Sunday, February 8, 2015

See What Tomorrow Brings, or Doesn't

Song 237: This week's playlist track is Look Into the Future by Journey, written by Diane Valory and Gregg Rolie. When I saw Journey on the list of opening acts for the summer 1978 Rolling Stones show at Chicago's Soldier Field, the name didn't ring any bells, but when the band hit the stage and launched into their current hit, I groaned inwardly as I recognized a track that was currently dominating the airwaves and that I avoided whenever possible. If I had to pick one band as the embodiment of the phrase soulless commerciality to describe how rock and roll lost a large share of its magic in the 1970s, I could have chosen Journey as the perfect candidate, though they had plenty of competition for that dubious distinction. What I didn't realize at the time, though, was that Journey was also the band that had done this truly magical record that I had heard a few times on the radio but hadn't identified, and it took me a few years to finally make that connection. When I did so, I soon got a copy of the record, and I never got tired of hearing it, unlike so many of their other cuts.

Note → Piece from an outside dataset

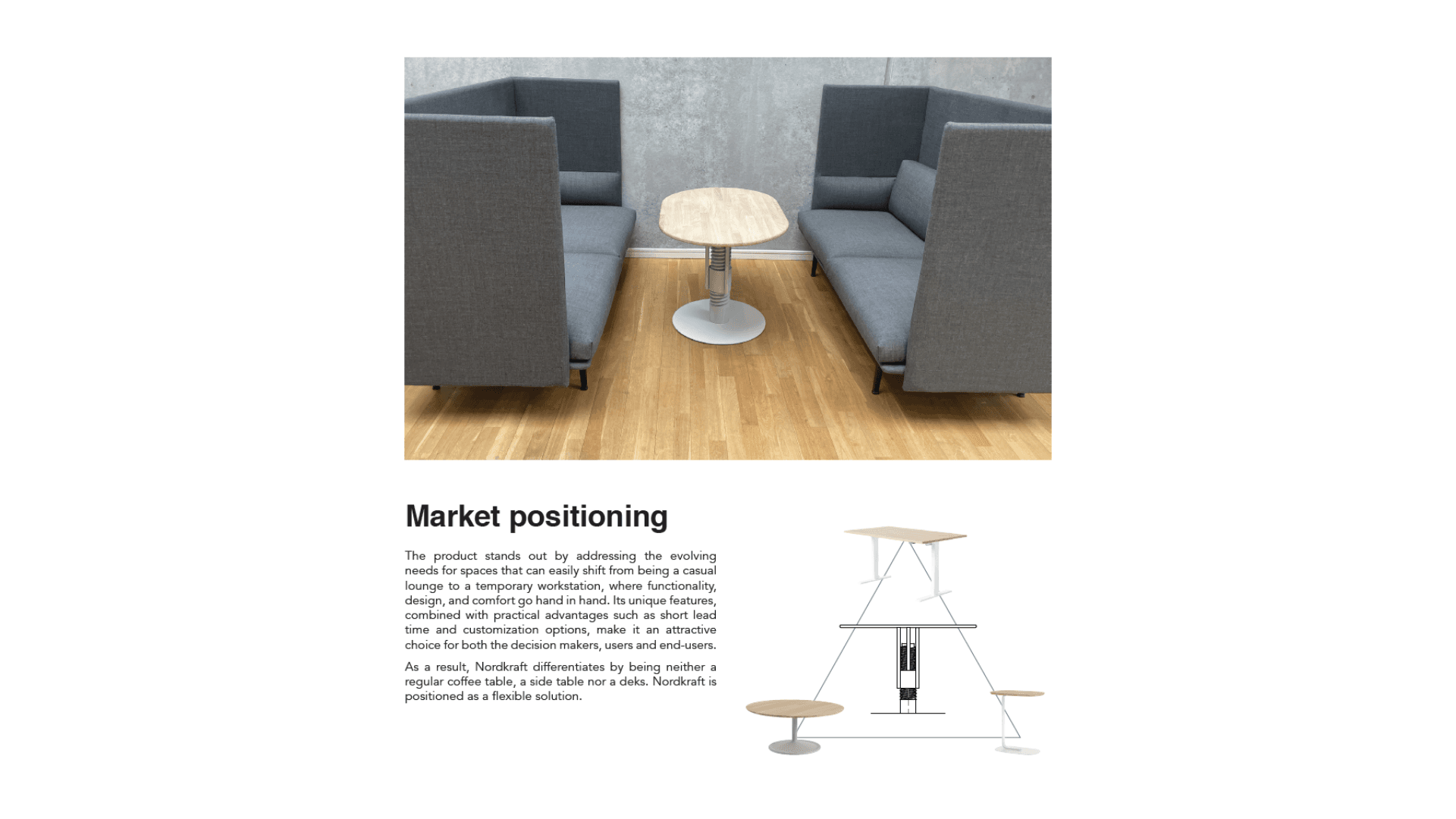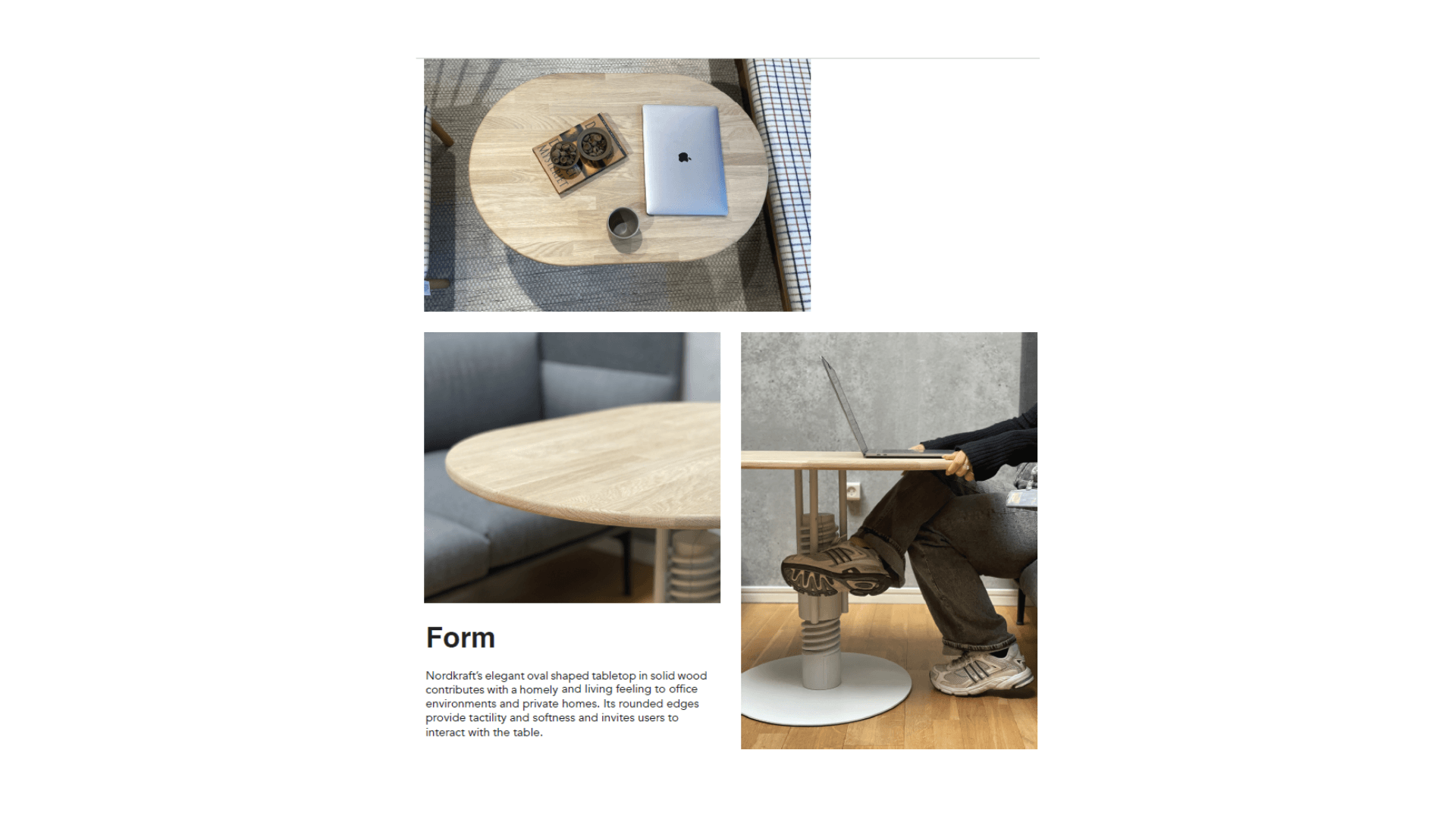 Nordkraft is a flexible, height-adjustable coffee table created specifically to support ergonomic work in soft spaces. It bridges the gap between comfort and function, enabling employees to work safely and effectively from sofas, lounge chairs, or informal meeting areas. Nordkraft is particularly suited for hotdesking environments, where flexibility and adaptability are key.
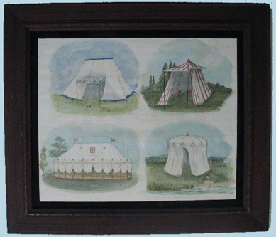 FOUR VICTORIAN TENTS A large watercolor based upon borrowed images from an English archive of Victorian tents. In a dark wood frame, incised with intricate border motifs. Price and other information available upon request. |

Listening to a song this musically imaginative, you might wonder about what this band could have achieved if they had picked a more challenging path than the one of undemanding commerciality, and if you had looked into the future by hearing this song when it was released in 1976, you probably would have pictured a much more interesting Journey than the one that came to pass.

Sunday, February 1, 2015

Rocking and Rolling Over

Song 236: This week's playlist song is Roll Over Beethoven by Chuck Berry, who also wrote the song, because somehow I got well past number 200 before getting a CB record on the playlist, though I did post a Berry song about 20 weeks ago, for number 216, which was the Johnny Rivers version of Memphis, Tennessee. Not long after the Beatles rocked my world in the winter of 1964, the second round of Beatles tracks hit the airwaves, including their cover of this song, which I liked just as much, or maybe even more, than all the others. At the time, I thought the Fab Four had invented rock and roll, and while round one had just been compositions by Lennon and McCartney, I also didn't know that round two included some tracks by other writers. I did pay attention to songwriting credits on records, though, and I began to notice the C. Berry name appearing on a number of cuts that I liked. In the early '70s, consolidation in the record business and the radio business quickly led to much shorter radio playlists, which dovetailed with a growing interest in the roots of rock and roll, so a lot of '50s records began returning to the airwaves. From the radio, and various articles in Rolling Stone, I got schooled in a short year or two about the earlier generation of rock and roll that I had previously missed. Before long I knew the basics about the early rockers, and Chuck Berry's place near the top of the list. In fact, I came to understand his role as an RnR pioneer so well that when a blues booking agent I worked with, around '75 or so, told me that his girlfriend hadn't heard of Chuck Berry, I couldn't understand it. When they first hit the airwaves, CB and his fellow top rockers created a sound that shook things up so much that Beethoven, the icon of classical music, must have been spinning in his grave, and that rock just kept on rolling, so Ludwig also had to tell Tchaikovsky the news.